I don't know, but I believe Kate doesn't check the content of the 
document by looking for <?xml lines, but it tries to figure out if the 
whole document has characters that does not fit in iso-8891-1 and so. 
So it detects the encoding by the structure of the document, not by the 
meaning of the text that's inside.

> Yes, but no. Quanta should obey encodings stated by definition (XML
> being utf8 if not stated otherwise) and encodings stated by the file
> that is opened. It does not make sense to force the user to override
> the default-setting, if a file states what encoding it uses. Apart
> from that, this also means that a user is forced to open quanta
> first, instead of opening the file directly from konqueror.
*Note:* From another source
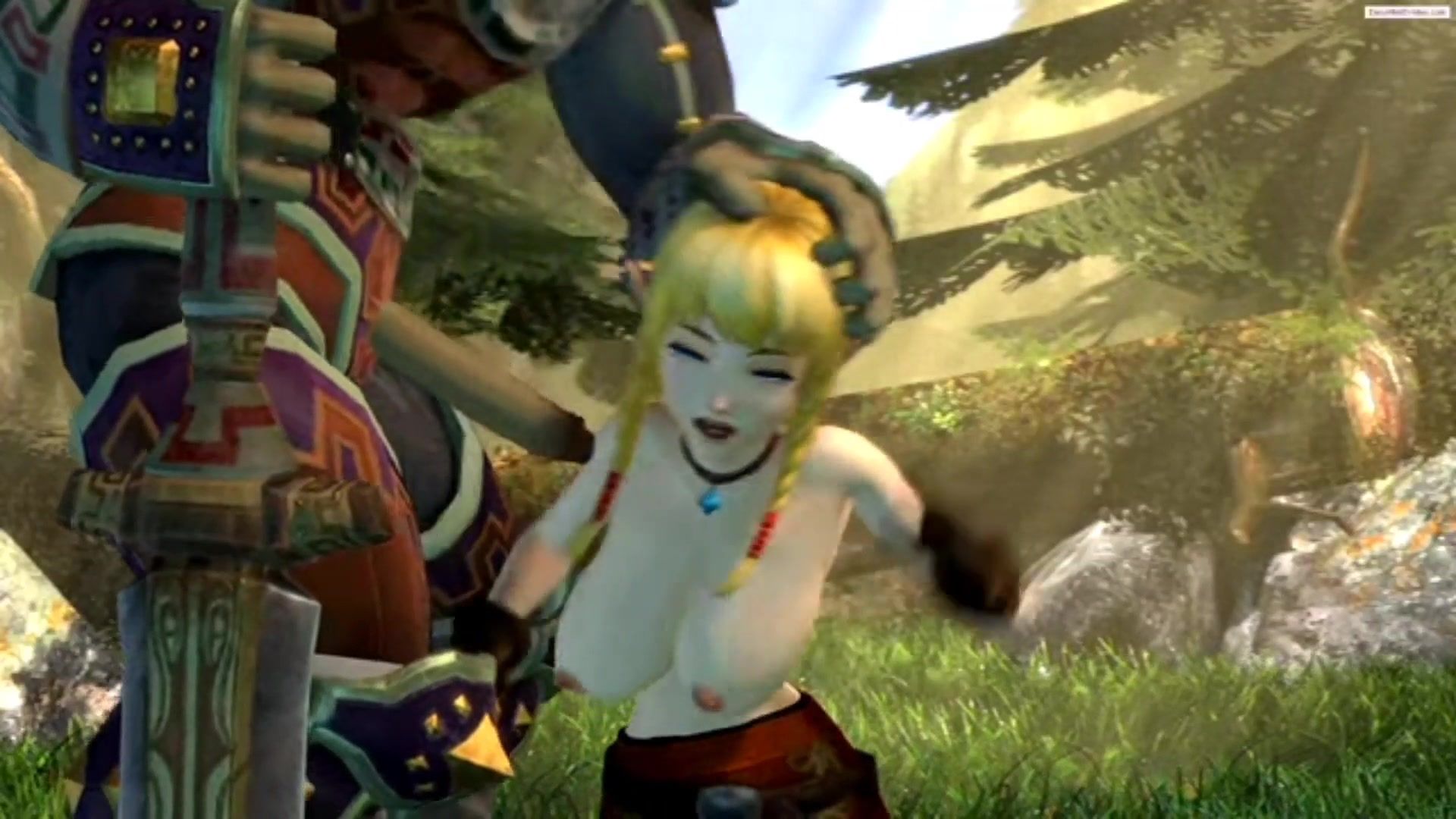 The evil warrior in armor knows no mercy and today intends to arrange a bloody rape of a young elf girl. The girl is on her knees and gets a big cock in her ear, which subsequently kills her. The warrior with the sword continues to fuck the dead girl until his penis cum in her head.

Quanta obeys what the user selects (in File->Open), or what is in the 
default encoding. I don't find any better way of doing it with the 
current katepart. If Kate opens various types of documents correctly 
*based* on the <?xml line and when you open them by running "kate 
filename", let me know and I will try to find a way to have the same 
behavior in Quanta as well.

Andras

Comment 7 András Manţia 2005-11-07 20:25:09 UTC
Does this (analyzing the beginning of the file to find the encoding) make sense for you? If no, just close the report, as I believe this is not Quanta's job.
Comment 8 Christoph Cullmann 2005-11-07 20:34:03 UTC

*** This bug has been marked as a duplicate of 55355 ***
Comment 9 Anders Lund 2005-11-07 21:40:18 UTC
We ship a filetype for katepart that makes utf-8 the encoding for XML files. But this also overrides the information found in the file, so actually looking in the document makes a lot of sense, and we have the problem on the radar.

There is a problem with katepart having to reload the file when the encoding is changed, but it's still better than getting it wrong. My personal opinion is that we should have a trigger in the highlight parser, which analyzes the file anyway.